The vector search retrieves relevant chunks but doesn't surface relationships between them.
GraphRAG Architecture
Phase 1: Indexing (Offline)
Documents
↓
[Text Chunking]
↓
[Entity Extraction via LLM] → Entities: People, Orgs, Concepts, Events
↓
[Relationship Extraction via LLM] → Edges: "works at", "invested in", "caused by"
↓
[Entity Resolution] → Deduplicate "Microsoft Corp." = "Microsoft"
↓
[Graph Construction] → NetworkX / Neo4j graph
↓
[Community Detection] → Louvain algorithm → clusters of related entities
↓
[Community Summaries via LLM] → "This community is about cloud computing trends..."
↓
[Multi-level Hierarchy] → Communities of communities
Phase 2: Querying
GraphRAG offers two query modes:
Global search: For questions about the whole corpus
Query → Select relevant community summaries
→ LLM synthesizes across multiple community summaries
→ Aggregated answer
Local search: For questions about specific entities
Query → Identify relevant entities via vector search
→ Traverse graph to find connected entities
→ Combine entity context + community context
→ LLM generates answer with rich relational context
Entity and Relationship Extraction
The LLM-based extraction prompt is carefully engineered:
Extract all entities and relationships from the following text.
For entities, identify:
- name: the entity name
- type: Person | Organization | Location | Event | Concept
- description: what this entity is
For relationships, identify:
- source: entity A
- target: entity B
- relationship: the nature of their connection
- strength: 1-10 (how strong is this relationship in the text)
Text: {chunk}
This runs on every chunk in the corpus — expensive, but done once at index time.
Community Detection
Graph communities are clusters of densely connected entities. The Louvain algorithm finds these communities by optimizing modularity:
import networkx as nx
from community import community_louvain
G = build_knowledge_graph(entities, relationships)

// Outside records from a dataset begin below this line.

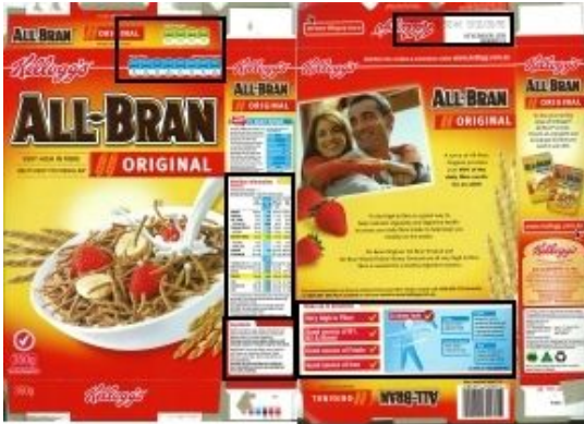
(4.5cm × 10cm)
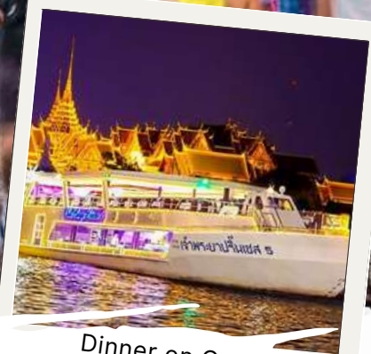
Dinner on Cruise
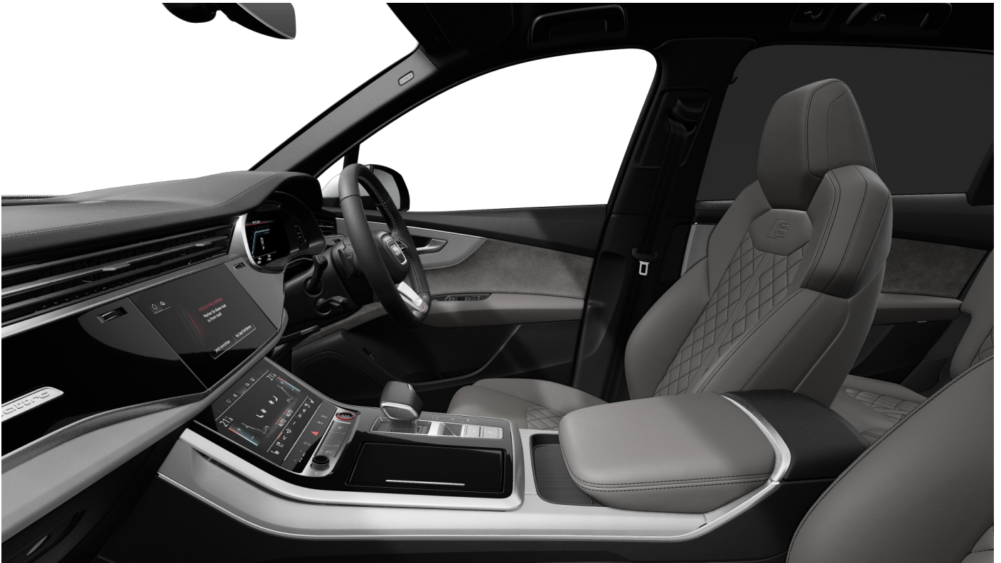
Rotor Grey/Black Leather Interior (Option Code OQ)
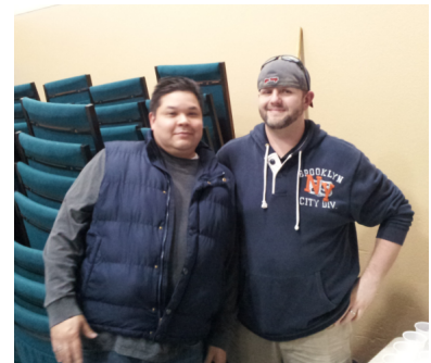
Cabee Showing The Ropes To STUB On How It Is Done

The following are WAHrrriors who made it a point to make it one time to this location.

partition = community_louvain.best_partition(G)
# partition = {entity: community_id}
communities = group_by_community(partition)
for community_id, entities in communities.items():
summary = llm.summarize(f"Entities: {entities}
Relationships: {get_edges(entities)}")
community_summaries[community_id] = summary
Communities are hierarchical — the algorithm runs at multiple resolutions to create a tree of topics from fine-grained to high-level.
Global vs. Local Search
Global Search
Best for: "What are the main topics discussed in these documents?"

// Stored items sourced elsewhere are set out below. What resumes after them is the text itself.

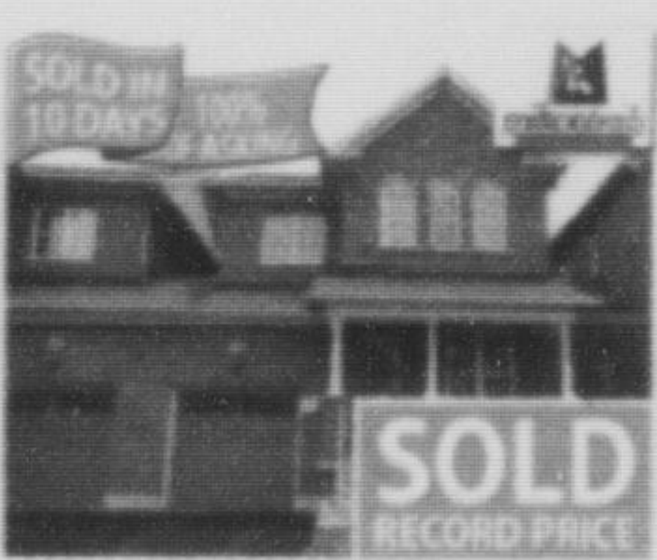
453 Landsborough $439,900 BRISTOL (FIELDGATE)
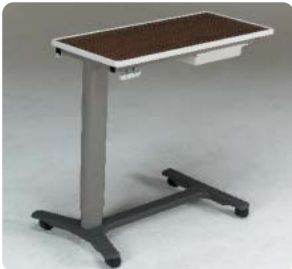
Standard Overbed Table Available with Standard or Low Base
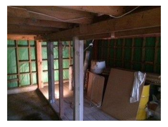
Under the mezzanine floor, the space designated as the machine room.
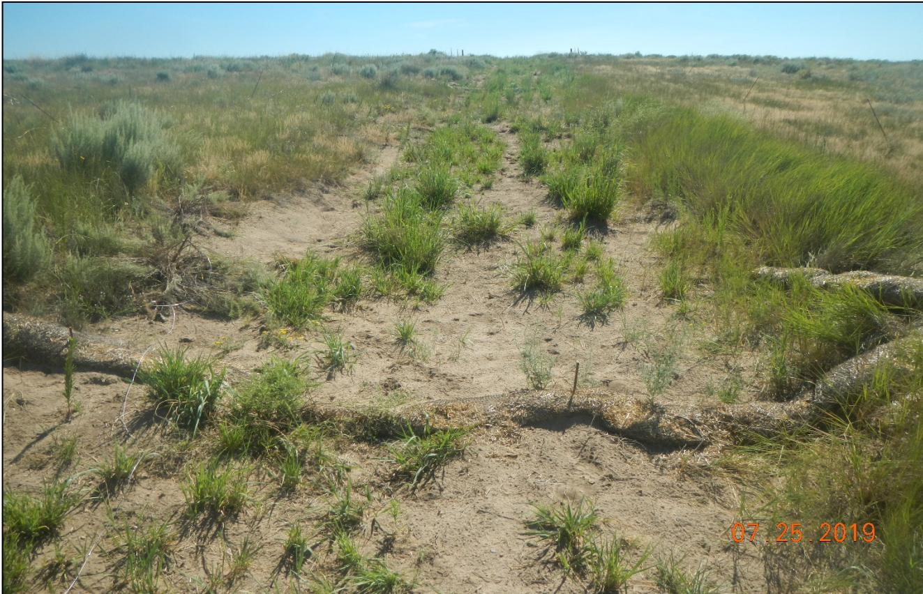
Photo 4. Wattles are degraded along the reclaimed road which has not revegetated.

1. Select community summaries that are relevant to the query
(all communities, or filtered by embedding similarity)
2. For each community, ask LLM: "Based on this community summary,
what does it say about [query]? Rate relevance 0-100."
3. Keep communities with relevance > threshold
4. Ask LLM to synthesize across all relevant community responses
The final synthesis step uses map-reduce: each community generates a partial answer, then a second LLM call combines them.
Local Search
Best for: "What do we know about Acme Corp's relationship with the healthcare sector?"

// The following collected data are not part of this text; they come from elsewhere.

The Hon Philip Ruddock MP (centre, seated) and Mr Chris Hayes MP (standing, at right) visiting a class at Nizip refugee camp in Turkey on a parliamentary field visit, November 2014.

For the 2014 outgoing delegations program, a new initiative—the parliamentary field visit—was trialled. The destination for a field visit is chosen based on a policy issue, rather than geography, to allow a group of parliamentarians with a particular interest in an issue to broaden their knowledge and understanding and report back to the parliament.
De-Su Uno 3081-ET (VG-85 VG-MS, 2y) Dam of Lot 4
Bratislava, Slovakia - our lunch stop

1. Vector search to find entities matching query terms
2. Expand from matched entities via graph traversal:
- Direct relationships (depth 1)
- Community context
- Related text chunks
3. Construct rich context from all gathered information
4. Single LLM call to synthesize
Comparison to Standard RAG
| Capability | Standard RAG | GraphRAG |
|---|---|---|
| Factual lookup | Excellent | Good |
| Multi-hop reasoning | Poor | Good |
| Global summarization | Poor | Excellent |
| Corpus-wide themes | Very poor | Excellent |
| Entity relationships | Not tracked | Central feature |
| Index build time | Fast | Slow (LLM extraction) |
| Index build cost | Low | High |
| Query latency | Low | Moderate |
| Query cost | Low | Higher (global) |
Production Engineering Considerations
Index Build Cost
GraphRAG's indexing is expensive because it runs LLM inference on every chunk:
- A 1M-token corpus might require 10M tokens of LLM calls for extraction
- With GPT-4o at $5/1M input tokens: ~$50 for indexing alone
Optimizations:
- Use a smaller model for extraction (GPT-4o-mini, Claude Haiku)
- Only extract from high-signal chunks (skip boilerplate, headers)
- Cache extraction results for unchanged documents
- Incremental indexing for new documents
Graph Database Choices
- NetworkX: In-memory, great for development and small corpora (<100K entities)
- Neo4j: Production graph database, excellent Cypher query language, good scaling
- Neptune (AWS): Fully managed, good for enterprise AWS deployments
- Memgraph: High-performance in-memory graph DB, good for real-time queries
Embedding Strategy
GraphRAG requires embeddings at multiple levels:
- Chunk-level embeddings (for initial retrieval)
- Entity embeddings (for entity search)
- Community summary embeddings (for global search relevance)
Store all in a vector DB like Qdrant, Weaviate, or pgvector. The graph structure lives in a separate graph DB.
When to Use GraphRAG
Strong fits:
- Large enterprise document corpora (legal, financial, regulatory)
- Customer support with complex product interdependencies
- Research synthesis across many papers
- Supply chain / market intelligence
Poor fits:
- Simple Q&A over a few documents
- Real-time data (indexing is batch-oriented)
- Highly dynamic corpora (frequent updates are expensive to re-index)
- Cost-sensitive applications with limited index budgets
Microsoft's Open Source Implementation
Microsoft released GraphRAG as an open-source Python library:
pip install graphrag
graphrag init --root ./my-corpus
graphrag index --root ./my-corpus
graphrag query --root ./my-corpus --method global "What are the main themes?"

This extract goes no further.